ASSIGNMENT — Everything from the first line of the entries through the line containing "- 由於使用視像鏡頭過程中有" is to be retyped exactly, and nothing beyond it.

:::::

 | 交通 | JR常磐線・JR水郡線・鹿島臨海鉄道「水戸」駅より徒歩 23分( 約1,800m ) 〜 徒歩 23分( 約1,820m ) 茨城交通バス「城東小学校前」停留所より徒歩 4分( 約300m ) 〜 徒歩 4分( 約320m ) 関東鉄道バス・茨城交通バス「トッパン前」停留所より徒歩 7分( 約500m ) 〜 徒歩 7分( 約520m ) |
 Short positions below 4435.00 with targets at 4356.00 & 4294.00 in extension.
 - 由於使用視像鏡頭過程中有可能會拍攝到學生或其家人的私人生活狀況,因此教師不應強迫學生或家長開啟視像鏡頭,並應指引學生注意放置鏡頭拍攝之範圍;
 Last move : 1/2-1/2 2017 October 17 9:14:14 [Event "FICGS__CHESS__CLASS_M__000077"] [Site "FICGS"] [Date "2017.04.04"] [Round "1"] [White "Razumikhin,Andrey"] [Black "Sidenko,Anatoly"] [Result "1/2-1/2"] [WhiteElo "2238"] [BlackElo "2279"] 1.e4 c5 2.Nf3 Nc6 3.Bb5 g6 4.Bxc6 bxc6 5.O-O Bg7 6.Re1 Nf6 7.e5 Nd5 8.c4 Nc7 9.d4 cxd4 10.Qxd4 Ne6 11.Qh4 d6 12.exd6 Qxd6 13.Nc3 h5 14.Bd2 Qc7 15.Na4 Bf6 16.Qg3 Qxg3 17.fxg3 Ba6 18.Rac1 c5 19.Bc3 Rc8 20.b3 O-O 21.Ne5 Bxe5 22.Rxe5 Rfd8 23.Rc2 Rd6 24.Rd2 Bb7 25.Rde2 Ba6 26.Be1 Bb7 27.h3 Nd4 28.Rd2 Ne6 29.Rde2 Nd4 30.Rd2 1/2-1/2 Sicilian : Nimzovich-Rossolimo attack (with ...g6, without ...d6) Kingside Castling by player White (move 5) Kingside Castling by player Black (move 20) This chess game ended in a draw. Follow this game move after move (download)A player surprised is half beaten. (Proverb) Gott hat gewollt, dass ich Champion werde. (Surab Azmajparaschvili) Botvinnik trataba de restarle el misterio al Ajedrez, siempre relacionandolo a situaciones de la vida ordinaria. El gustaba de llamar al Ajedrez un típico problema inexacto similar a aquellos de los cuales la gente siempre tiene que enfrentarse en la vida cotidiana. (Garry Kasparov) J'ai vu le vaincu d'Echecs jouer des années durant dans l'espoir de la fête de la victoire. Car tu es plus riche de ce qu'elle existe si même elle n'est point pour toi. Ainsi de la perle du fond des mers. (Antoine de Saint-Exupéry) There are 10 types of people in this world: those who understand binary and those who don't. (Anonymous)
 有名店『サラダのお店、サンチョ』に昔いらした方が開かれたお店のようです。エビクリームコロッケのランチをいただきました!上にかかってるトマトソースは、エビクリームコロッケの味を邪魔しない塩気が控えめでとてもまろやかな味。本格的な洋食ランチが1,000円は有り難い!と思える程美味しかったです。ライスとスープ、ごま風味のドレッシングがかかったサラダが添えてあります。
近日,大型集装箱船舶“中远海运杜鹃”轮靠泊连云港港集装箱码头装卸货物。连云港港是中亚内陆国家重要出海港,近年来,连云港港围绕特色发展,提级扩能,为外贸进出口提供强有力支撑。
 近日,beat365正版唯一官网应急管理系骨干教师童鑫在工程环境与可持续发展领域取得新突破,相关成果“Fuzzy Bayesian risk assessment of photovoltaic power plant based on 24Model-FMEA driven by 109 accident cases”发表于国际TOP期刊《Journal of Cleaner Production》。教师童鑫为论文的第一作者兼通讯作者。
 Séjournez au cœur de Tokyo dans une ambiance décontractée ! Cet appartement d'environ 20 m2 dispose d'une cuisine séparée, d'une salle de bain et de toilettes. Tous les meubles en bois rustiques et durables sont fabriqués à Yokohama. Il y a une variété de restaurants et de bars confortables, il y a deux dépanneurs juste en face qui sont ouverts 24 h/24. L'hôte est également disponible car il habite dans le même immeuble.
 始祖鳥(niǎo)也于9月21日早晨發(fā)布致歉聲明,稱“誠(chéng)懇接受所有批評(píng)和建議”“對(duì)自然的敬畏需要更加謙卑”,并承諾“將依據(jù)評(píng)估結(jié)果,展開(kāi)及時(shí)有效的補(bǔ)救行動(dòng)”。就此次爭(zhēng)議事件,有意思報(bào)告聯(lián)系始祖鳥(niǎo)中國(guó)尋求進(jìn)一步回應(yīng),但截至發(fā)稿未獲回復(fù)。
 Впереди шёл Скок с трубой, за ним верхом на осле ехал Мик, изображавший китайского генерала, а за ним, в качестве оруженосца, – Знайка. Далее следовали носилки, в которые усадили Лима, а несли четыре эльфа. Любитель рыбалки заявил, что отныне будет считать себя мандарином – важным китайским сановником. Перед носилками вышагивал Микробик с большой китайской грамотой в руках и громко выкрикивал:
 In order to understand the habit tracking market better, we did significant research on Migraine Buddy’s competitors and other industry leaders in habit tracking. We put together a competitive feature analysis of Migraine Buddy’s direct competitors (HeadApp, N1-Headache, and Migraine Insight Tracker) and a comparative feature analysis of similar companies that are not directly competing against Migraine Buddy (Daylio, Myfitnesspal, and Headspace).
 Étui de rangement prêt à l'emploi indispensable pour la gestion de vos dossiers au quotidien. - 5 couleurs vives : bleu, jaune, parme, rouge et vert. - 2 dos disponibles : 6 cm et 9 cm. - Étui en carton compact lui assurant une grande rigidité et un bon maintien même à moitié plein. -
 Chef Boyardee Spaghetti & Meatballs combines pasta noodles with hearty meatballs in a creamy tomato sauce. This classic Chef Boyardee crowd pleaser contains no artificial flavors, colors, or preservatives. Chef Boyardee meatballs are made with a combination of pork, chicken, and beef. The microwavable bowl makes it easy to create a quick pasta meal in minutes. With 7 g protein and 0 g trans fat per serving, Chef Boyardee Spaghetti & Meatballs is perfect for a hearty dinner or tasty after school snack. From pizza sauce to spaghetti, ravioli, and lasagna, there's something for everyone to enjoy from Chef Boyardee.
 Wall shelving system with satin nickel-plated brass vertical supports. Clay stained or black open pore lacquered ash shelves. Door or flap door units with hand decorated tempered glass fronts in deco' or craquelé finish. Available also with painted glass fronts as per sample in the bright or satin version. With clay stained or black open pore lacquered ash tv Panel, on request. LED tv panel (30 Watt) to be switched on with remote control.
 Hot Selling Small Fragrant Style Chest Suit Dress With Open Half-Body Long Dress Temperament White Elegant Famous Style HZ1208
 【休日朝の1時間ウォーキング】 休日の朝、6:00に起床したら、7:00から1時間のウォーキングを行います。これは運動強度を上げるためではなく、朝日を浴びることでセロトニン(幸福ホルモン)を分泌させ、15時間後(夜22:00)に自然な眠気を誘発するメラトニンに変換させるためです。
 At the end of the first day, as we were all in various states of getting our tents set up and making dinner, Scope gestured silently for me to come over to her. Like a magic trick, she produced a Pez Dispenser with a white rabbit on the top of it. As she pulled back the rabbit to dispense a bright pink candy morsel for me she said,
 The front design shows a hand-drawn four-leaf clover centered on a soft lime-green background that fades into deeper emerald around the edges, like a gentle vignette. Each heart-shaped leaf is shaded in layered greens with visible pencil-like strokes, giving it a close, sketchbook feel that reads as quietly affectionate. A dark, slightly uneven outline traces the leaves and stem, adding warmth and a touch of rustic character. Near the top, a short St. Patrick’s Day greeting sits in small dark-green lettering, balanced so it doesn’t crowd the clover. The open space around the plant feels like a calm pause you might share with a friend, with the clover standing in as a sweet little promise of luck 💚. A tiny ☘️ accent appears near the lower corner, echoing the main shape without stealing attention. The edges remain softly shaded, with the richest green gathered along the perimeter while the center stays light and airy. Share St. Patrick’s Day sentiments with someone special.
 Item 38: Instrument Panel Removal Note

:::::

TASK RESULT —
 | 交通 | JR常磐線・JR水郡線・鹿島臨海鉄道「水戸」駅より徒歩 23分( 約1,800m ) 〜 徒歩 23分( 約1,820m ) 茨城交通バス「城東小学校前」停留所より徒歩 4分( 約300m ) 〜 徒歩 4分( 約320m ) 関東鉄道バス・茨城交通バス「トッパン前」停留所より徒歩 7分( 約500m ) 〜 徒歩 7分( 約520m ) |
 Short positions below 4435.00 with targets at 4356.00 & 4294.00 in extension.
 - 由於使用視像鏡頭過程中有可能會拍攝到學生或其家人的私人生活狀況,因此教師不應強迫學生或家長開啟視像鏡頭,並應指引學生注意放置鏡頭拍攝之範圍;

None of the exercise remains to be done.